How to correct my Snowflake Unique Constraint SQL statement?-CodePudding

I have a table that looks like:

ID|CREATED   |VALUE
1 |1649122158|200
1 |1649122158|200
1 |1649122158|200

That I'd like to look like:

ID|CREATED   |VALUE
1 |1649122158|200

And I run the following query:

DELETE FROM MY_TABLE T USING (SELECT ID,CREATED,ROW_NUMBER() OVER (PARTITION BY ID ORDER BY CREATED DESC) AS RANK_IN_KEY FROM MY_TABLE T) X WHERE X.RANK_IN_KEY <> 1 AND T.ID = X.ID AND T.CREATED = X.CREATED

But it removes everything from MY_TABLE and not just other rows with the same value. This is more than just selecting distinct records, I'd like to enforce a unique constraint to get the latest value of ID and keep just one record for it, even if there were duplicates.

ID|CREATED   |VALUE
1 |1649122158|200
1 |1649122159|300
2 |1649122158|200
2 |1649122158|200
3 |1649122170|500
3 |1649122160|200

Would become (using the same final unique constraint statement):

ID|CREATED   |VALUE
1 |1649122159|300
2 |1649122158|200
3 |1649122170|500

How can I improve my logic to properly handle these unique constraint modifications?

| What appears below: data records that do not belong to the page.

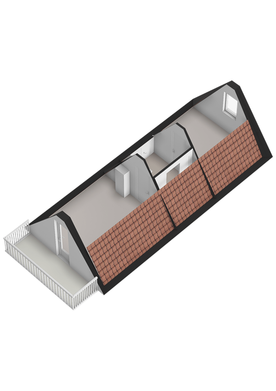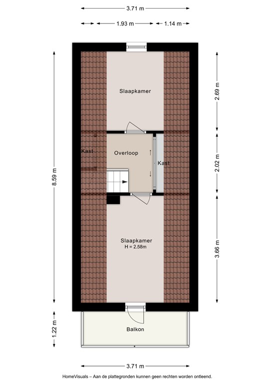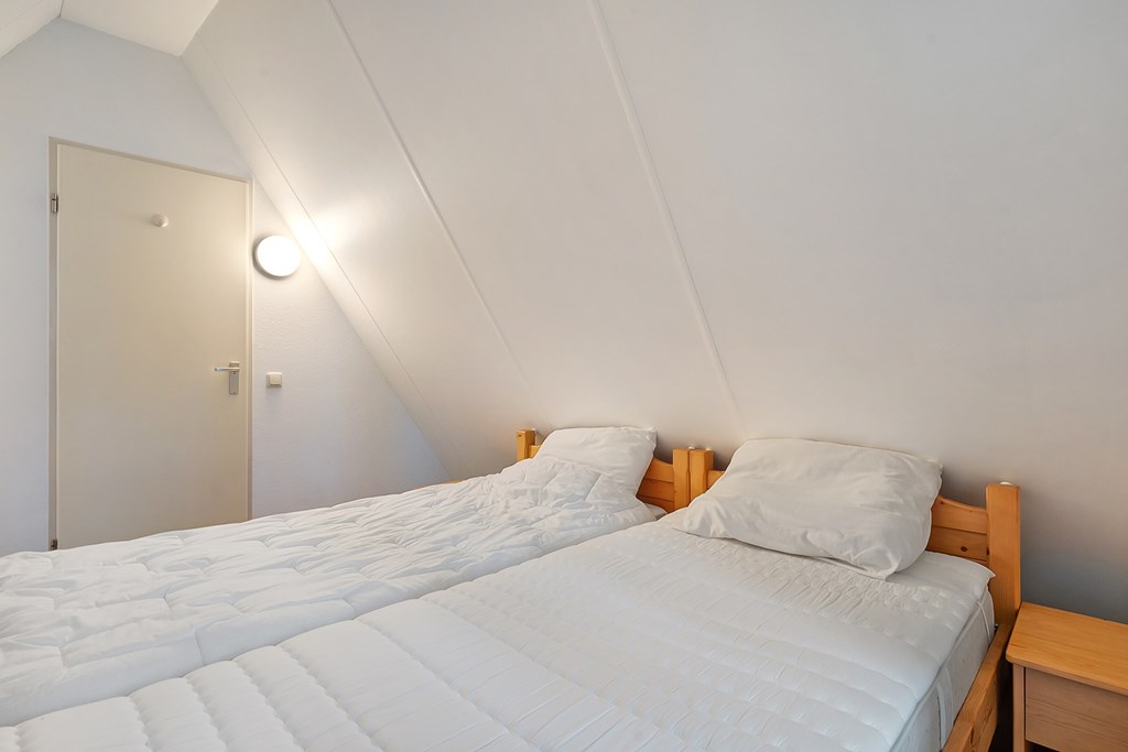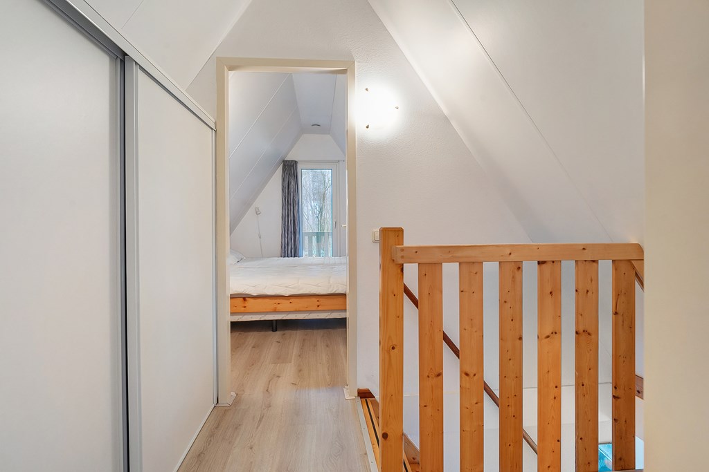 Overloop met vaste kasten en twee slaapkamers waarvan één met balkon.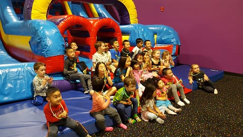 Et cette salle de jeu plait particulièrement aux enfants parce qu’ils peuvent jouer sur les maisons gonflables dans le noir !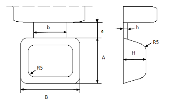 圖4:溢流槽形狀 其中,b、a、h、A分別為溢流口的寬度,長度、厚度,長度。B、H分別為溢流槽的寬度以及厚度。 選用一個此形狀溢流槽具體尺寸為:A=16 mm,a=6 mm,H=7 mm,h=1mm,b=12 mm,B=20 mm;考慮到零件特點,在零件中間增設一個圓形溢流槽。圓形溢流槽尺寸:R=15 mm,H=12 mm,b=12 mm,a=6 mm,h=1 mm。圖5為原始工藝方案。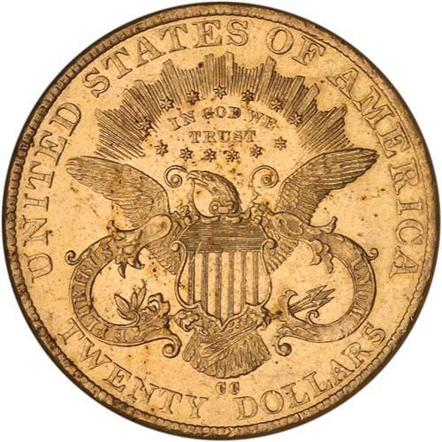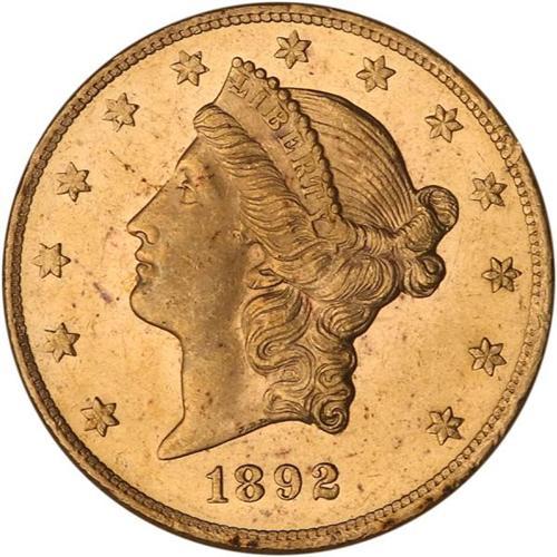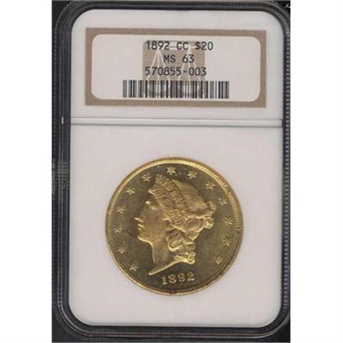 <b>1892-CC $20 Liberty. NGC graded MS63.</b> NGC Pop: 5/0. A satiny to semi-prooflike specimen of this very elusive CC-mint $20 gold piece, high-end choice quality with energetic cartwheel luster. The luster is golden brilliant rather than orange-toned patina. Such flashiness seems to want to motivate bidders to increase their bids as though by subtle hypnotism! Only 27,265 pieces minted. The average grade, when this date is offered at all (which isn't often) tends to migrate around Extremely Fine condition.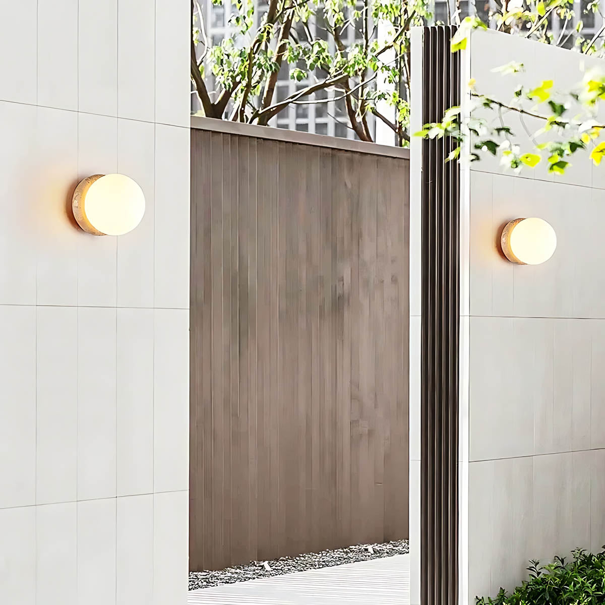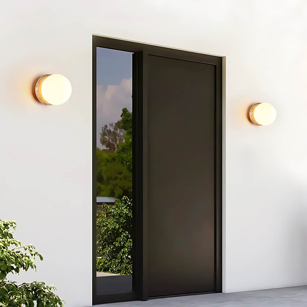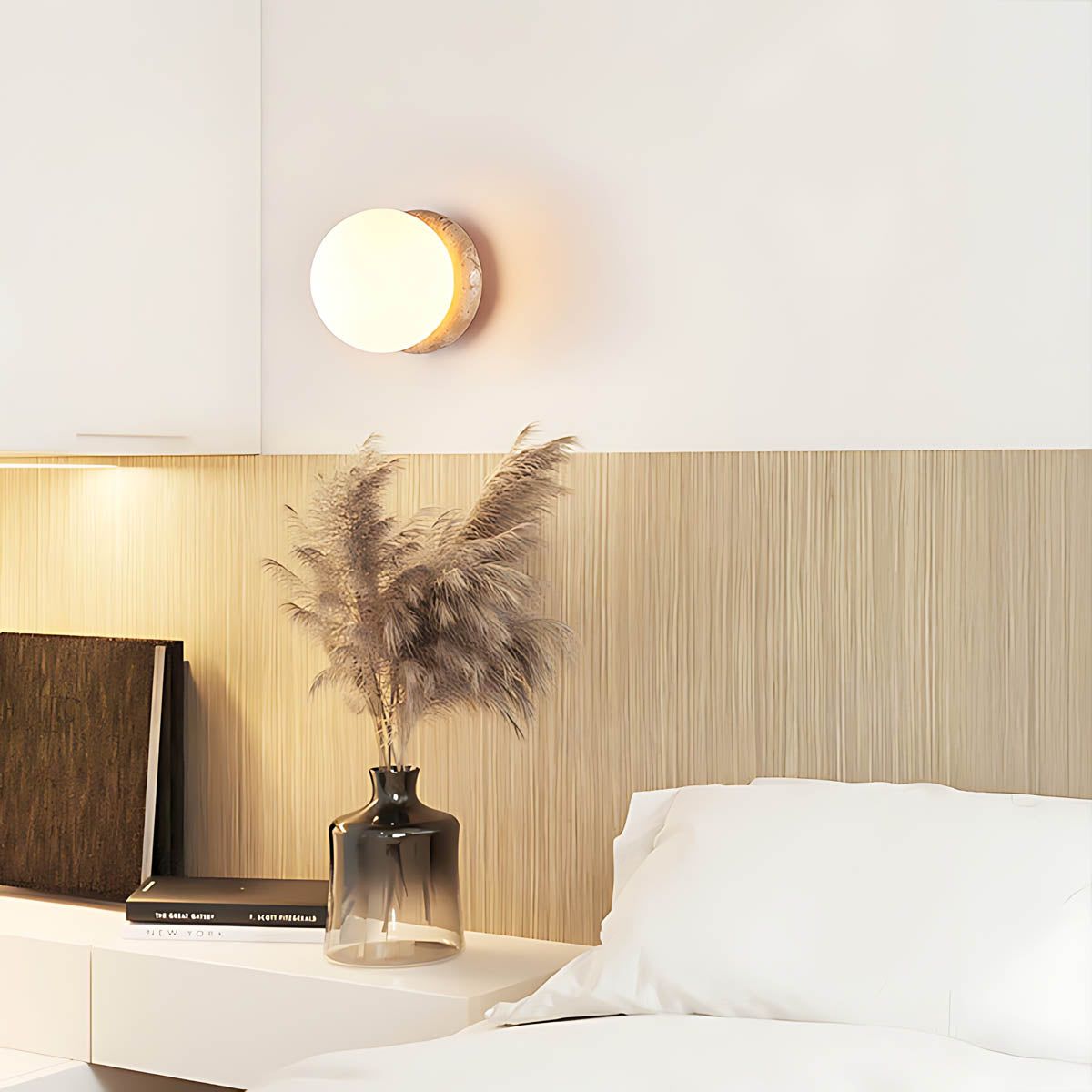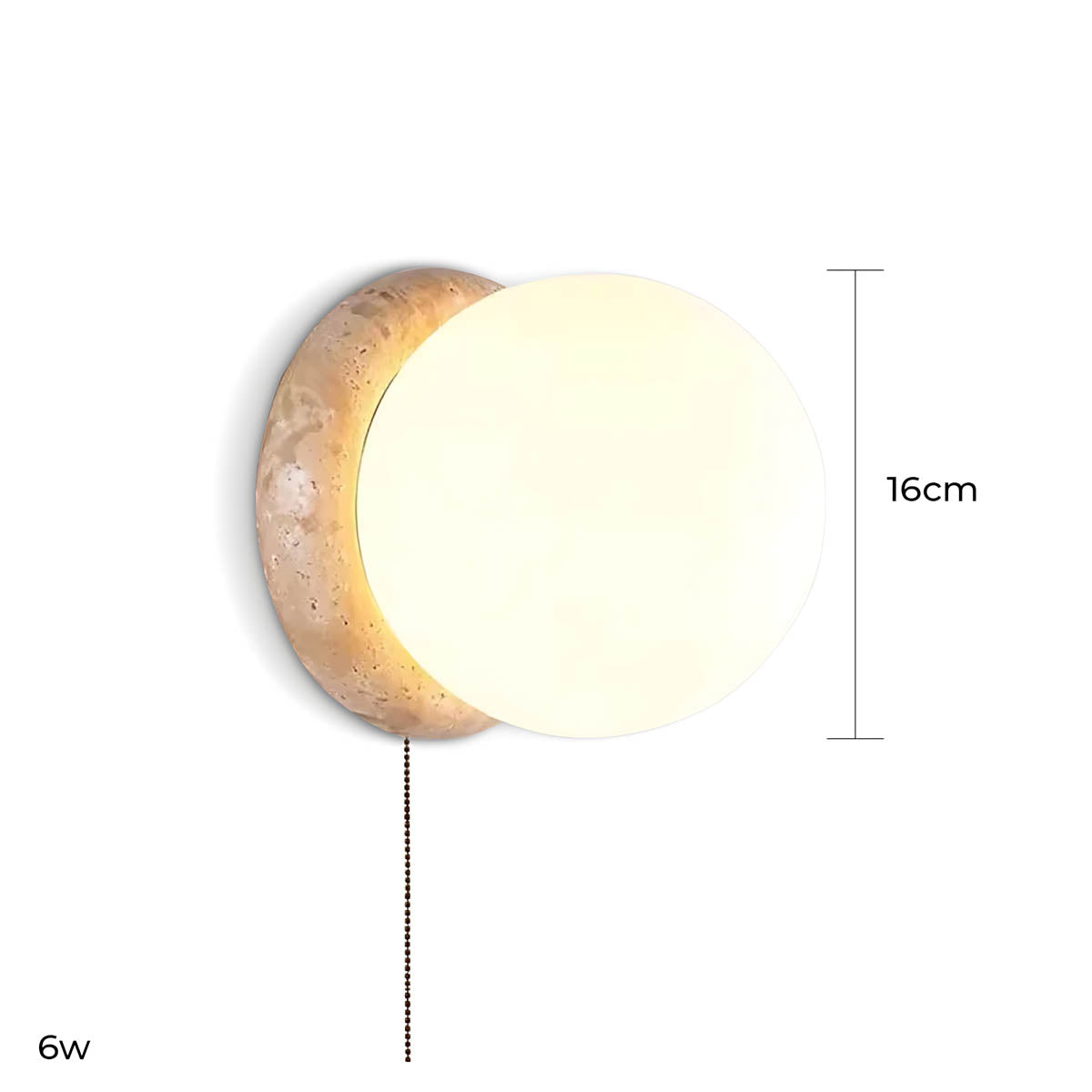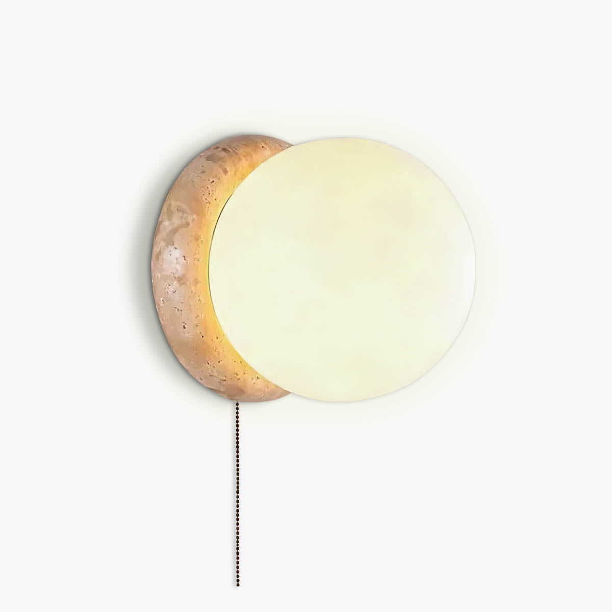 A smooth, rounded travertine ring frames a softly curved glass diffuser, creating a refined, circular silhouette that throws a gentle halo across walls and facades.

CodePudding user response：

The following setup should leave rows with id of 1 and 3. And not delete all rows as you say.

Schema

create table t (
  id int,
  created int , 
  value int
);

insert into t values(1, 1649122158, 200);
insert into t values(1 ,1649122159, 300);
insert into t values(2 ,1649122158, 200);
insert into t values(2 ,1649122158, 200);
insert into t values(3 ,1649122170, 500);
insert into t values(3 ,1649122160, 200);

Delete statement

with x as (
 SELECT 
  id, created,
  row_number() over(partition by id) as r
 FROM t
)
delete from t
using x
where x.id = t.id and x.r <> 1 and x.created = t.created
;

Output

select * from t;

1   1649122158  200
3   1649122170  500

The logic is such, that the table in the using clause is joined with the operated on table. Following the join logic, it just matches by some key. In your case, you have key as {id,created}. This key is duplicated for rows with id of 2. So the whole group is deleted.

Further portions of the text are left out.